MANAUS, AM (FOLHAPRESS) – O Ibama (Instituto Brasileiro do Meio Ambiente e dos Recursos Naturais Renováveis) devolveu, a órgão vinculado ao Ministério de Minas e Energia, o estudo de impacto ambiental da usina hidrelétrica Bem Querer, em Roraima.

A devolução ocorreu no último dia 13 e se deu por “não conformidade” do estudo com parâmetros estabelecidos pelo Ibama, responsável pelo licenciamento do empreendimento, cuja análise está em fase inicial. O aviso sobre a devolução foi publicado no Diário Oficial da União nesta terça-feira (17). Na prática, o gesto paralisa a licença, até que reparos sejam feitos nos estudos apresentados.

A Folha de S.Paulo revelou, em 5 de novembro, que a EPE (Empresa de Pesquisa Energética), vinculada ao Ministério de Minas e Energia, avançou na execução do projeto da hidrelétrica e concluiu o estudo e o relatório de impacto ambiental, conhecidos pela sigla EIA/Rima.

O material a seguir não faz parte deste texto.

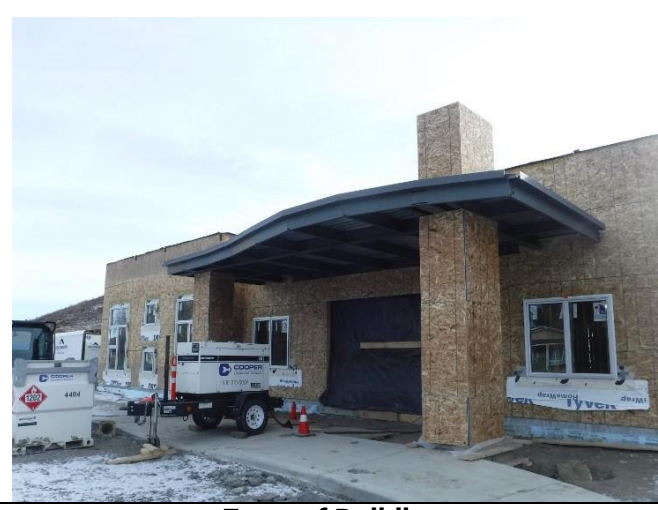
East Facing Exterior Siding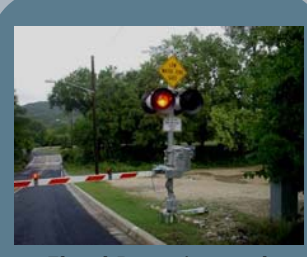
Flood Detection and Closure Systems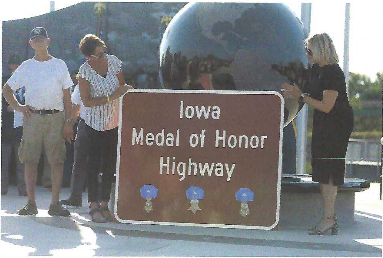
IOWA MEDAL OF HONOR HIGHWAY SIGN UNVEILED (1 of 12 signs on 302 miles of highway)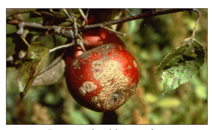
Figure 2. Apple scab lesions on fruit.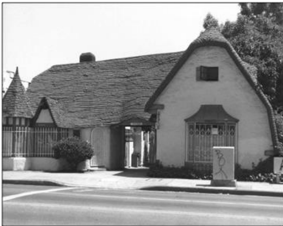
Einar C. Petersen Studio Court, constructed in 1921

Dream-drenched escapees from sobriety and responsibility looked to Los Angeles for their own happily-ever-after denouements. They would come here and build storybook houses that expressed their childlike credulity, lively imaginations, and irrepressible gaiety. 34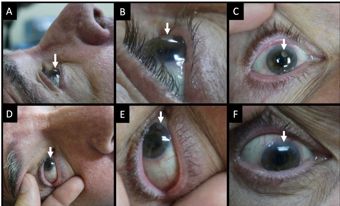
Fig. 2. Patient in supine position showing the free movement of the ointment in the anterior chamber.

A–B: Side pictures of the patient in supine position showing the ointment at the top of the anterior chamber touching the endothelium. B: High magnification of panel A. C: Frontal picture of the patient in supine position with gaze at primary position. D: When the patient is in supine position looking to the left, the ointment moves to the nasal side. E: High magnification of panel E, F: when the patient is in fowler position with gaze at primary position, the ointment moves to 12 o'clock. White arrows: ointment.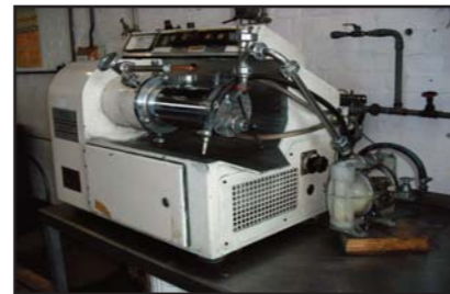
STOCK CODE: N10310-12 1L NETZSCH HOZ BEAD MILL LMJ1 3KW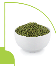
Green Gram Beans (Moong)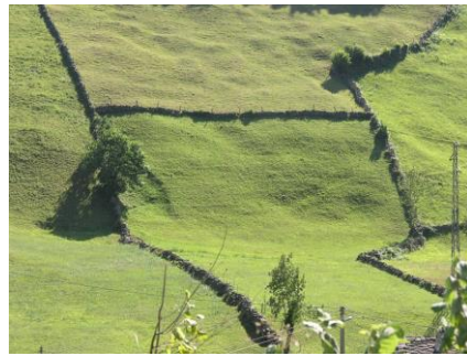
Fig. 117. Paz Valley, Asturias, Spain.

The next step must be to include this concern in planning documents, with the aim of ensuring that dry stone walling's role in the landscape is properly recognised.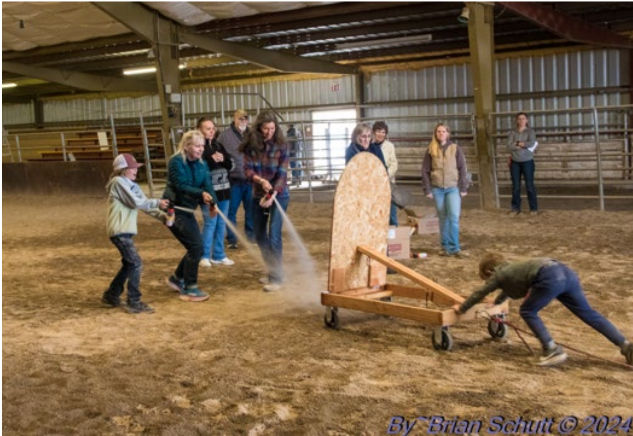
By ~Brian Schutt © 2024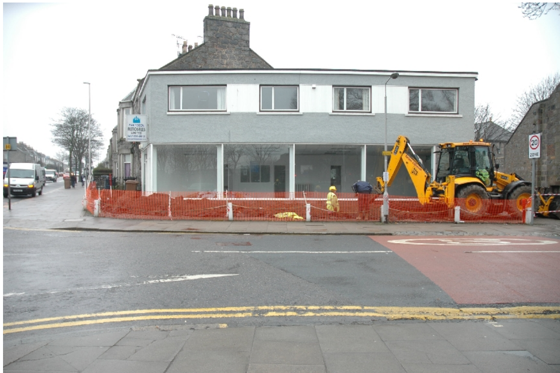
Illus 1 General view of site looking S

3.2 Part of the site ( shown grey on illus 2) could not be trenched because of live services, a small area at the back of the King Street frontage was also not trenched because of the difficulty of breaking 150mm thick concrete without damaging the walls of the site.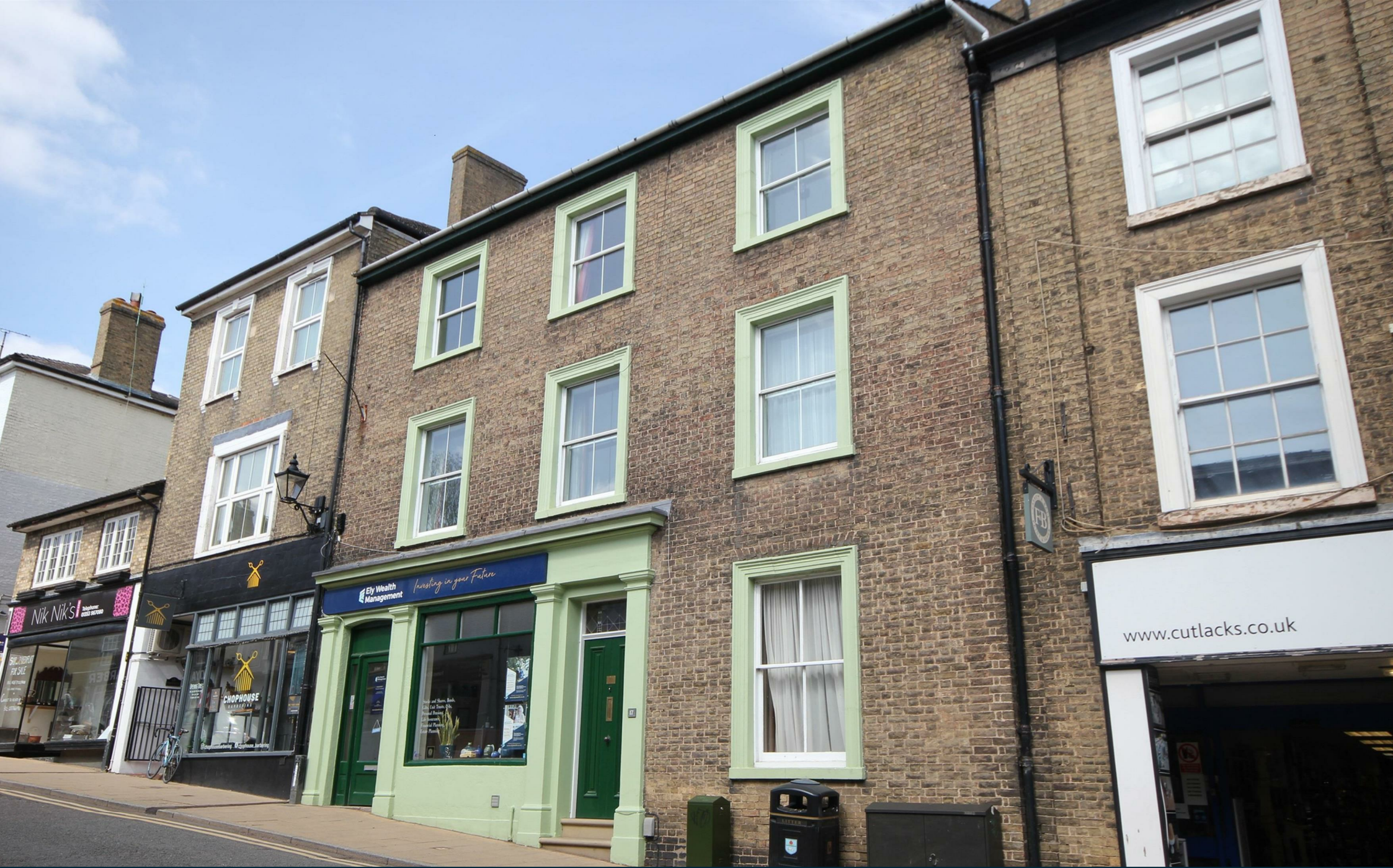
Mulberry House, Forehill, Ely, CB7 4AA

Os documentos foram protocolados no Ibama sem a análise dos impactos aos indígenas, como mostrou a reportagem.

A usina Bem Querer impacta a Terra Indígena Yanomami e mais nove territórios tradicionais, além de 38 assentamentos rurais, conforme os documentos apresentados ao Ibama para obtenção de licença prévia, a primeira etapa do licenciamento.

O avanço do governo Lula (PT) em relação ao empreendimento foi feito sem elaboração do chamado ECI (estudo de componente indígena), obrigatório em caso de grandes empreendimentos como uma usina hidrelétrica. O EIA/Rima foi protocolado no Ibama sem o ECI.

À reportagem, na ocasião, o Ibama afirmou que solicitaria o estudo de componente indígena para eventual aceite do estudo de impacto ambiental.

Um parecer técnico do órgão, concluído no dia 6, recomendou a devolução do estudo de impacto ambiental à EPE, responsável pelo projeto da usina. Por “não conformidade do estudo com o termo de referência emitido pelo Ibama”, a diretoria de licenciamento ambiental do órgão mandou devolver o EIA/Rima.

A reportagem questionou a EPE sobre a devolução feita pelo Ibama e aguarda as respostas.

Segundo o parecer técnico do órgão ambiental, o estudo atende parte das exigências feitas, mas apresenta pendências principalmente em três pontos: a questão indígena, certidões de uso do solo dos municípios afetados e base de dados cartográficos.

“Quanto à ausência de manifestação da Funai [Fundação Nacional dos Povos Indígenas], ainda não foi possível apresentar o plano de trabalho para a realização do estudo de componente indígena. A razão para essa impossibilidade é o estado de emergência em saúde pública decorrente da desassistência à população yanomami”, cita o parecer.

A emergência está em curso desde janeiro de 2023. Também ocorrem ações de expulsão de invasores do território, onde cerca de 20 mil garimpeiros chegaram a atuar ilegalmente na exploração de ouro.

Em fevereiro de 2023, poucos dias após a declaração de emergência em saúde pública em razão da crise humanitária vivida pelos yanomamis, a Funai enviou ofício ao MME em que disse não ser possível a realização de reuniões sobre a elaboração do ECI junto às “comunidades indígenas potencialmente afetadas no território”.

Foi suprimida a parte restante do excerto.